Edit: A site with better pricing, and dimensions of everything, is 12mm too long?

https://www.boltdepot.com/Product-Details.aspx?product=7221
 
Also, when using countersunk hole in 1.6mm thick PCB material might be problematic, because of the chamfer angle  it's either going to be an oversized hole (fragile) or a screwhead which is  not completely flush. You could glue on a strip of PCB material locally and then countsink that, that'll give you 3.2mm to work with. Might be enough.
Or use a M2.5 insert.
 
ruffrecords said:
Do any PCB packages allow you to add countersunk holes to a PCB rather than plain ones or will I just had to do it myself?

Cheers

Ian

It's not a question of the design tool, it depends on the pcb manufacturer only if they are willing/able to do that. Not an option with the cheap chinese guys.

https://www.eurocircuits.com/chamfered-mechanical-holes-or-countersunk-holes/
 
ruffrecords said:
... the pan head is taller and now extends beyond the edge of the front paneland could interfere with adjacent modules. A countersunk screw will fix this.
I think you want low profile head socket cap screws.
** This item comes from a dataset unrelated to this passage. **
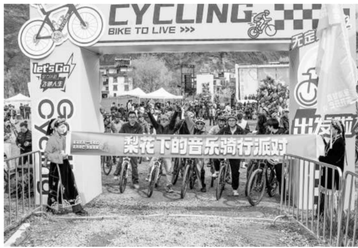
骑行派对活动现场。

清泉注入装置,水光流转间,“清泉润泽沃土,众志成城宏图”的美好愿景清晰呈现,传递出乡村携手发展的坚定信念。随着发令枪响,梨花下的音乐骑行派对正式发车。骑手们从海子坪出发,沿着村寨间的蜿蜒道路,穿行在

At least this is what I think you would see in a professional product in this scenario.

Example:
93615a215l.gif
 
squarewave said:
I think you want low profile head socket cap screws. At least this is what I think you would see in a professional product in this scenario.

Example:
93615a215l.gif

I think you are absolutely right. Farnell have no such thing but I found some here:

https://www.accu.co.uk/en/low-head-cap-screws/8724-SSCL-M3-12-A2

Head height is 2mm and I have 2.27mm available. The regular M2.5 pan head screws this would replace hVE  2.1mm head height.

Many thanks for the info. I am definitely a mechanics noob.

Cheers

Ian
 
ruffrecords said:
However the block have a 3mm tap for the part that attaches the PCB. No problem in principle but the pan head is taller and now extends beyond the edge of the front paneland could interfere with adjacent modules. A countersunk screw will fix this.

Hi Ian

Be aware that standard M3 countersunk screw (90°) need about 2mm minimum panel thickness !

Best
Zam
 
I was going to suggest a low profile socket head screw also. I use those to attach the faceplate to Par Metal chassis. Mostly because I like the way they look but also because they are low profile.

A threaded stud cut to length with a lock nut would probably work too.
 
Gold said:
I was going to suggest a low profile socket head screw also. I use those to attach the faceplate to Par Metal chassis. Mostly because I like the way they look but also because they are low profile.

I ordered a bunch. The are quite attractive looking. I normally have my front panel fixing holes countersunk so they look neat but I think these low profile screws will look just as good.

Cheers

Ian
 
Martin Griffith said:
Try http://www.ebaystores.co.uk/Bolt-Base?_trksid=p2047675.l2563& they seem to have a large selection

Thanks for the tip Martin.  I fund they do some  button head types that have an even lower profile than the regular ones. I ordered a bunch.